But legislative walkouts often only delay passage of a bill, including in 2021 when many of the same Texas House Democrats left the state for 38 days in protest of new voting restrictions. Once they returned, Republicans still wound up passing that measure.

Four years later, Abbott is taking a far more aggressive stance and swiftly warning Democrats that he will seek to remove them from office if they are not back when the House reconvenes Monday afternoon. He cited a non-binding 2021 legal opinion issued by Republican Attorney General Ken Paxton, which suggested a court could determine that a legislator had forfeited their office.

He also suggested the lawmakers may have committed felonies by raising money to help pay for fines they’d face.

“This truancy ends now,” Abbott said.

In response, House Democrats issued a four-word statement: “Come and take it.”

The state of the vote

Lawmakers can’t pass bills in the 150-member Texas House without at least two-thirds of them present.

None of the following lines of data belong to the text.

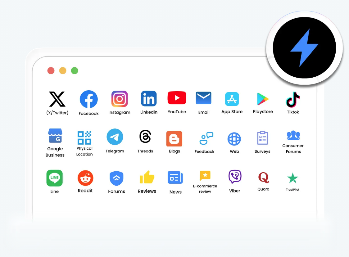 Social Listening & Web Monitoring: Real-time tracking of brand mentions, keywords, and industry trends across millions of online sources, including social media, news, forums, and offline data integration.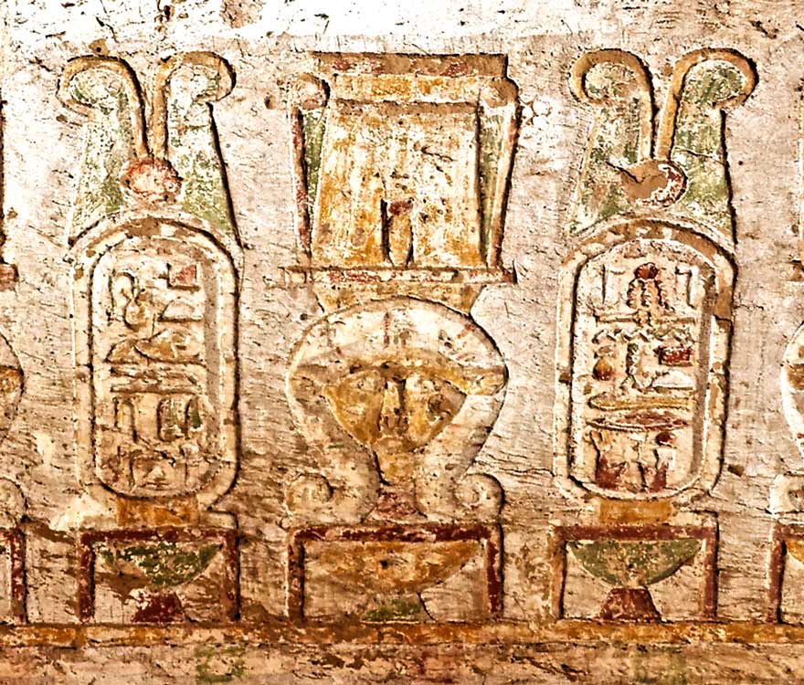 Au dessus des restes d'un texte, la frise montre alternativement un tête d'Hathor surmontée d'un sistre et les cartouches de Ptolémée VIII. Les représentations sont posées sur le signe de l'or. Cette frise court plus ou moins complète tout le long des parois de chaque côté.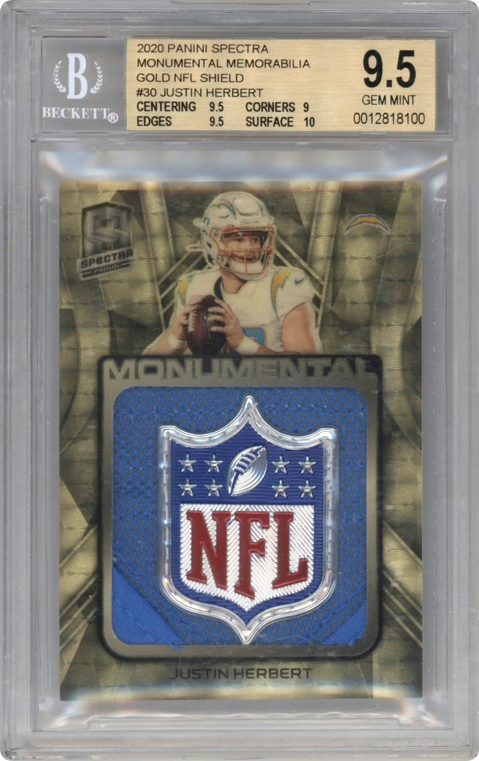 2020 Panini Spectra · Monumental Mem. · Gold NFL Shield #30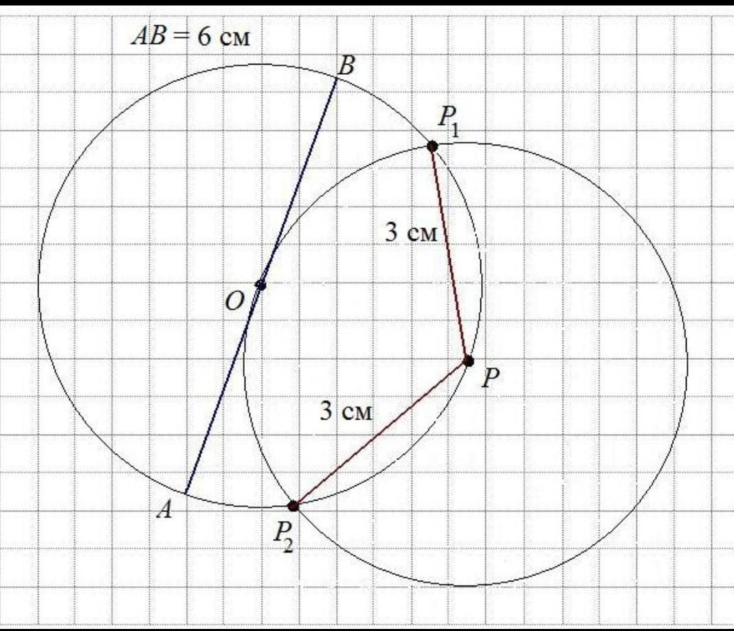 начертите окружность диаметр которой равен 6 сантиметров отметьте на окружности точку p найдите на окружности точку удаленную от точки п на 3 сантиметров

Democrats hold 62 of the seats in the majority-Republican chamber and at least 51 left the state, said Josh Rush Nisenson, spokesperson for the House Democratic Caucus.

Republican House Speaker Dustin Burrows said the chamber would still meet as planned on Monday afternoon.

“If a quorum is not present then, to borrow the recent talking points from some of my Democrat colleagues, all options will be on the table. . .,” he posted on X.

Paxton, who is running for U.S. Senate, said on X that Democrats who “try and run away like cowards should be found, arrested, and brought back to the Capitol immediately.”

Fines for not showing up

A refusal by Texas lawmakers to show up is a civil violation of legislative rules. The Texas Supreme Court held in 2021 that House leaders had the authority to “physically compel the attendance” of missing members, but no Democrats were forcibly brought back to the state after warrants were served that year. Two years later, Republicans pushed through new rules that allow daily fines of $500 for lawmakers who don’t show up for work as punishment.

The quorum break will also delay votes on flood relief and new warning systems in the wake of last month’s catastrophic floods in Texas that killed at least 136 people. Democrats had called for votes on the flooding response before taking up redistricting and have criticized Republicans for not doing so.

Illinois hosts Texas lawmakers

Pritzker, a potential 2028 presidential contender who has been one of Trump’s most outspoken critics during his second term, had been in quiet talks with Texas Democrats for weeks about offering support if they chose to leave the state to break quorum.

Last week, the governor hosted several Texas Democrats in Illinois to publicly oppose the redistricting effort, and California Gov. Gavin Newsom held a similar event in his own state.

Pritzker also met privately with Texas Democratic Chair Kendall Scudder in June to begin planning for the possibility that lawmakers would depart for Illinois if they did decide to break quorum to block the map, according to a source with direct knowledge who requested anonymity to discuss private conversations.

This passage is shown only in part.